U.S. Attorney Tompkins is joined in making today’s announcement by Wayne L. Dixie, Special Agent in Charge of the U.S. Bureau of Alcohol, Tobacco, Firearms and Explosives (ATF), Charlotte Field Division, and Chief Rodney D. Monroe of the Charlotte Mecklenburg Police Department (CMPD).

In November 2011, a criminal bill of indictment charged Mungro with one count of possession of a firearm by a convicted felon. According to filed court documents and statements made in court, on August 9, 2011 Mungro possessed a Hi-Point, 9mm semiautomatic pistol and 18 rounds of ammunition in the car he was driving. Court records indicate that law enforcement officers recovered the firearm and ammunition when they conducted a traffic stop of Mungro’s vehicle. Mungro pleaded guilty to the charge in August 2012.

In announcing the sentence, Judge Whitney noted that it was the defendant’s criminal history that resulted in the elevated sentence and observed that the sentence would have a general deterrent effect.

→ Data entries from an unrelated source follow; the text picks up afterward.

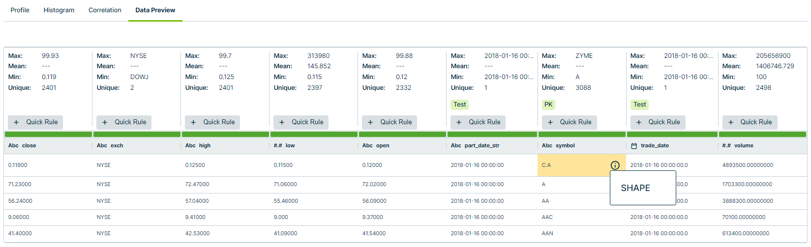 You can also see columns where Collibra DQ discovered specific detections, such as the Shape observation in the "symbol" column in the example above. Additionally, you can click + Quick Rule and select either a Data Type, Data Class, or Template rule from the dropdown menu to automatically apply it to your dataset. You can then find the quick rule on the Dataset Rules page of your dataset.
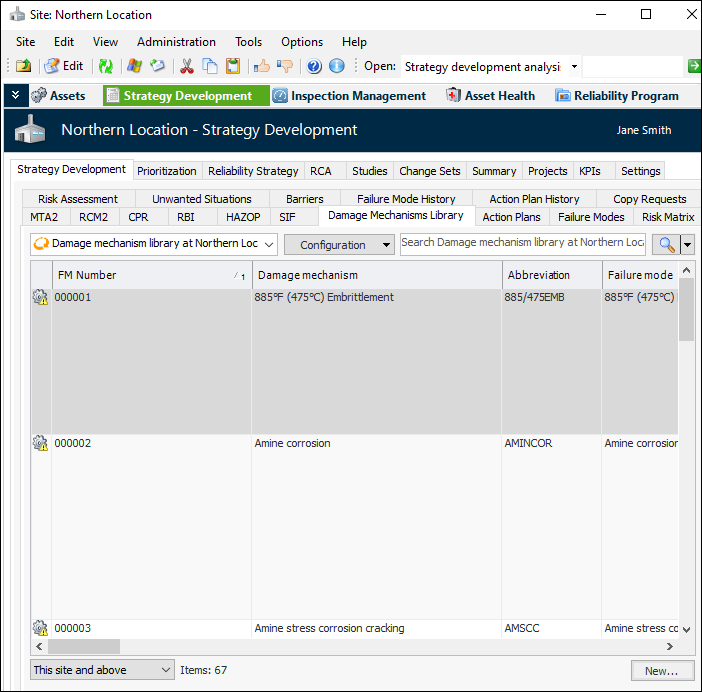 1. On the Site window, select the Strategy Development view and tab. Select the Damage Mechanisms Library tab.
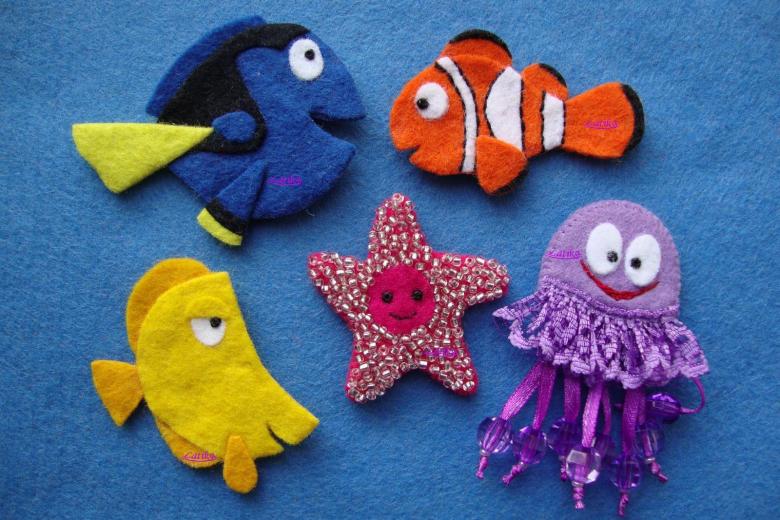 Les artisans fabriquent d'étonnants bijoux en feutre : boucles d'oreilles, bracelets, colliers. Les véritables chefs-d'œuvre sont les broches en forme de fleurs tridimensionnelles, les pendentifs en perles, les épingles à cheveux, les badges. Les insectes tels que les libellules, les papillons et les coléoptères sont populaires, ainsi que les créatures marines telles que les dauphins, les coraux, les poissons aux couleurs vives et les méduses.

Mungro has been in custody since August 2011. He will be transferred to the custody of the Federal Bureau of Prisons upon the designation of a federal facility. All federal sentences are served without the possibility of parole.

The investigation was handled by the ATF and CMPD. The case was prosecuted by Assistant United States Attorney Robert J. Gleason of the U.S. Attorney’s Office in Charlotte.